What does the FATF February 2025 amendment change?+
The FATF amendment replaced 'commensurate' with 'proportionate' in the risk-based-approach guidance. The June 2025 follow-up explicitly encourages simplified due diligence (SDD) in lower-risk scenarios, provided a rigorous risk assessment supports the tiering. For UK and EU fintechs over-indexed on uniform CDD across a low-risk consumer book, the amendment opens a defensible cost-saving lever without departing from the FATF baseline.
How does the EDD population mix shift blended cost?+
Risk mix is the dominant cost variable on a fintech compliance budget. A 5%-EDD book vs 25%-EDD book lifts blended fully-loaded per-customer cost by 2-4x. Crypto exchanges (15-40% EDD), brokers (30-60% EDD), and EMIs with corporate books (8-30% EDD) sit materially above retail challenger banks (3-7% EDD).
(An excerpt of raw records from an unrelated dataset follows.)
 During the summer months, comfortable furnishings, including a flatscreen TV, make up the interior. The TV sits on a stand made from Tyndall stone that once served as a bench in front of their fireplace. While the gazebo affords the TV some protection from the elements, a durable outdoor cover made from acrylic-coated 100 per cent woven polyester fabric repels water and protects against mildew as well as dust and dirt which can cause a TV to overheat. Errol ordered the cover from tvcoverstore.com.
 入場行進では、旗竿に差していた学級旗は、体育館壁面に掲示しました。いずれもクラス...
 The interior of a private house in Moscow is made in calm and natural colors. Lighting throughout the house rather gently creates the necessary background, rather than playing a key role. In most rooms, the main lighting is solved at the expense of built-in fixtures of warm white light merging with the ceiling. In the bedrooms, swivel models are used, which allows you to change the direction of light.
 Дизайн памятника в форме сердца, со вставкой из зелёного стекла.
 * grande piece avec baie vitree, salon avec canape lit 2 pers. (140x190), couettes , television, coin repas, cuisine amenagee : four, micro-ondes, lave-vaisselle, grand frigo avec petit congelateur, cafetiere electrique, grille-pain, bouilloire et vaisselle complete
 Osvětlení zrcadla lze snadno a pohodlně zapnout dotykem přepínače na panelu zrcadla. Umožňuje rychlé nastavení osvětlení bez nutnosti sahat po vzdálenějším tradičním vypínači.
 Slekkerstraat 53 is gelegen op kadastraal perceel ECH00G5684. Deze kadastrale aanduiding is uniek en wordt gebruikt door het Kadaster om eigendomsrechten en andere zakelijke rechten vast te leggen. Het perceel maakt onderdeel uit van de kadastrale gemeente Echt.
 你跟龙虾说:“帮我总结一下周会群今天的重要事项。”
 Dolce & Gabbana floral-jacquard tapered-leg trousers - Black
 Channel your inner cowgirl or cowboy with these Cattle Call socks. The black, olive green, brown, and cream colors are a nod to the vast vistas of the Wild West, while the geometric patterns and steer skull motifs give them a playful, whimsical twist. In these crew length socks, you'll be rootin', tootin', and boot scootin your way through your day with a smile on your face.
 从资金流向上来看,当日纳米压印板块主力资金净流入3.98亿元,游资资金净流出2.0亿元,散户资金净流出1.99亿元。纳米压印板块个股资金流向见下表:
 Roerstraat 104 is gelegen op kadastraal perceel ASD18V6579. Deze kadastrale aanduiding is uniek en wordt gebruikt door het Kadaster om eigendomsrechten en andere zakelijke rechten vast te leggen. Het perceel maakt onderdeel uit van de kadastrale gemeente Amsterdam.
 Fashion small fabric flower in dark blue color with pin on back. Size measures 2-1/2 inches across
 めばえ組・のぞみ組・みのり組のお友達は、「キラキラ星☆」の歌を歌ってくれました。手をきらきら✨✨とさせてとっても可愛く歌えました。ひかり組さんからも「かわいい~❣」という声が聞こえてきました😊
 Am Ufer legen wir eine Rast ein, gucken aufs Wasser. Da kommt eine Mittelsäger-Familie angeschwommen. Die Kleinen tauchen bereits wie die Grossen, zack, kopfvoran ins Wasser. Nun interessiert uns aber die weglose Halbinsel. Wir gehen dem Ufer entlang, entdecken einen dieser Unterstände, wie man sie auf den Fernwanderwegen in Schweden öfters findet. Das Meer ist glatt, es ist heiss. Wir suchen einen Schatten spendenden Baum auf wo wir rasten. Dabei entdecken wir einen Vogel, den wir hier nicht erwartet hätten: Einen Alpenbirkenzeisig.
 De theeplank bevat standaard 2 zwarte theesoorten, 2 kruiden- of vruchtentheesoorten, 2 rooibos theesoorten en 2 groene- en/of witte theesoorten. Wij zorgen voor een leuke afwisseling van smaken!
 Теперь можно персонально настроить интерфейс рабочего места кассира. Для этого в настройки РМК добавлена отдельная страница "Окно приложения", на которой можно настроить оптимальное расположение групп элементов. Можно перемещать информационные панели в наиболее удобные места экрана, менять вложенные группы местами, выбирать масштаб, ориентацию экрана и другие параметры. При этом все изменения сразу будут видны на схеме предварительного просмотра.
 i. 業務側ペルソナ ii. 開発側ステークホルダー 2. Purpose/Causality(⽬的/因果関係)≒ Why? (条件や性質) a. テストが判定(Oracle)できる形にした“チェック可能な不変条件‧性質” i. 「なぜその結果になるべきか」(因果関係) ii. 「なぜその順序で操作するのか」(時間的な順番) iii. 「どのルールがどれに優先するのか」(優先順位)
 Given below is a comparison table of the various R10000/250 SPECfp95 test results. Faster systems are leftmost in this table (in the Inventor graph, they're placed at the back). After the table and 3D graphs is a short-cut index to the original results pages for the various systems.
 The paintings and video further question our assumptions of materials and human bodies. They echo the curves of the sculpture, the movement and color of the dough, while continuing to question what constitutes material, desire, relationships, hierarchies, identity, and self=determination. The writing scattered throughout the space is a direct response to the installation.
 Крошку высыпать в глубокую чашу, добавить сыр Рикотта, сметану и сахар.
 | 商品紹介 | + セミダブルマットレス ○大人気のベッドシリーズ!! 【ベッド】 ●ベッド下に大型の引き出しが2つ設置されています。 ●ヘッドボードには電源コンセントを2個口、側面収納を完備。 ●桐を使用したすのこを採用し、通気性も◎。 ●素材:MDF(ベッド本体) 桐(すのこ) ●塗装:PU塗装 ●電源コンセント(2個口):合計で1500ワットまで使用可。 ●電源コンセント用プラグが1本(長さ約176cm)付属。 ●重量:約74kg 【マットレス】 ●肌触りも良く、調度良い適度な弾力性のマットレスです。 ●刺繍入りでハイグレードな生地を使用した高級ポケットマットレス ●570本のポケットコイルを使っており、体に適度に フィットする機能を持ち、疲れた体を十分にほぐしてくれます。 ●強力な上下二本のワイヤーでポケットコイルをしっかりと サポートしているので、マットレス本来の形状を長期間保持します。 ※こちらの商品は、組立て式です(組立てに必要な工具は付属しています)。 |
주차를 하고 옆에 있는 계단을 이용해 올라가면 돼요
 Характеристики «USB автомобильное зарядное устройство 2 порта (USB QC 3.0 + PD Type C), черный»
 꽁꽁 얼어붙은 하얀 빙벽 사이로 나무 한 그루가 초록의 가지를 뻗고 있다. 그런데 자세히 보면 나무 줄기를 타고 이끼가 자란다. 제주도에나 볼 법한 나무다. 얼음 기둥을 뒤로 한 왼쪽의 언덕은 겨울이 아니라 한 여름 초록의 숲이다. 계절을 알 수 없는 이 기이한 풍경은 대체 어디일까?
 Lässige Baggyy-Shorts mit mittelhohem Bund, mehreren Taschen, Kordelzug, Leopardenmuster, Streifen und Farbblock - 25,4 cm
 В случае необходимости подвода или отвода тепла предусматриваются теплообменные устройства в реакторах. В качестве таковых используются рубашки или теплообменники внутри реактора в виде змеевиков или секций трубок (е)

Modelling a realistic risk mix for the segment is more important than vendor selection in determining total spend.
Can simplified due diligence save money?+
Yes, where the underlying risk assessment supports it. SDD allows reduced verification depth and reduced ongoing monitoring frequency for genuinely lower-risk customers. The FATF February 2025 update is explicit: 'proportionate' replaces 'commensurate' precisely so SDD is encouraged, not merely permitted. The catch is that a rigorous risk-assessment build cost is the precondition; firms that under-invest in risk assessment cannot defend an SDD population to a regulator.